● **WORK INSTRUCTION**
Restate, exactly and without pictures, the lines from the start of the listing below through the line holding "Inizia la Settimana".

● **PROVIDED DATA**

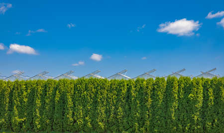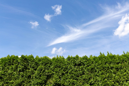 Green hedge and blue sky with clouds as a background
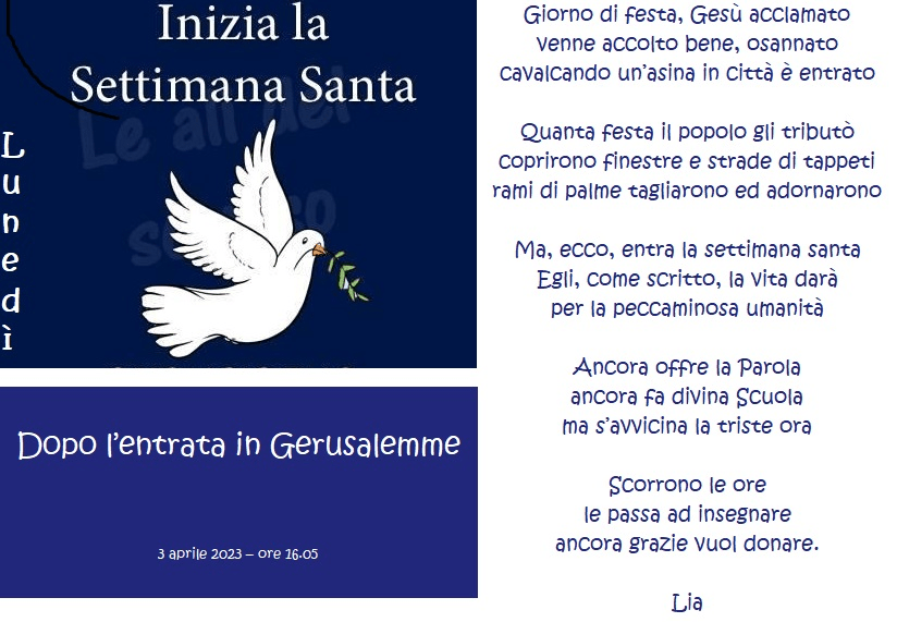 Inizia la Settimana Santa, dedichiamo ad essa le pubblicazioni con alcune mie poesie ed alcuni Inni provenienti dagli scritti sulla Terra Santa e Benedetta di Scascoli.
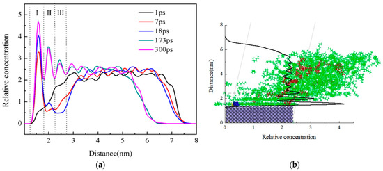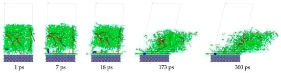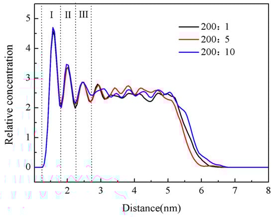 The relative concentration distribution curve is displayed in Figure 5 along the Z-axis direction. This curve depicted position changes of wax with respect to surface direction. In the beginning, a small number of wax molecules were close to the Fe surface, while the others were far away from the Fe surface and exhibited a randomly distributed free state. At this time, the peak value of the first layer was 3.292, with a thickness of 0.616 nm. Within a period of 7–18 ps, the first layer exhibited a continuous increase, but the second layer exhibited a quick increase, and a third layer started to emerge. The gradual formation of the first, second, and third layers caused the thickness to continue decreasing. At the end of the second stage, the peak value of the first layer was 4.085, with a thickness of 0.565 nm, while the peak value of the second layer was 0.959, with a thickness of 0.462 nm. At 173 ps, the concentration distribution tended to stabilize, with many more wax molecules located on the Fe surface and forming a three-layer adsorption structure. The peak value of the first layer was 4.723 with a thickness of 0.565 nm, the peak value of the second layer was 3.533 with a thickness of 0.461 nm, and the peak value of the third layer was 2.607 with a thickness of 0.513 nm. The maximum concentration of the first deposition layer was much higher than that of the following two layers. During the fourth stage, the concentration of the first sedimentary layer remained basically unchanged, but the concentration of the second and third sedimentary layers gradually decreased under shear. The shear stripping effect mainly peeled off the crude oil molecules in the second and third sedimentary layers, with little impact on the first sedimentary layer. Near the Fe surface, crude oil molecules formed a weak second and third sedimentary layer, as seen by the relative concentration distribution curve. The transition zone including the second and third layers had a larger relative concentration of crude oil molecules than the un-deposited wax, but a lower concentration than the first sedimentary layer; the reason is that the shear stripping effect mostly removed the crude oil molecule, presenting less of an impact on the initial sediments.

● **WORKED SOLUTION**
 Green hedge and blue sky with clouds as a background
 Inizia la Settimana Santa, dedichiamo ad essa le pubblicazioni con alcune mie poesie ed alcuni Inni provenienti dagli scritti sulla Terra Santa e Benedetta di Scascoli.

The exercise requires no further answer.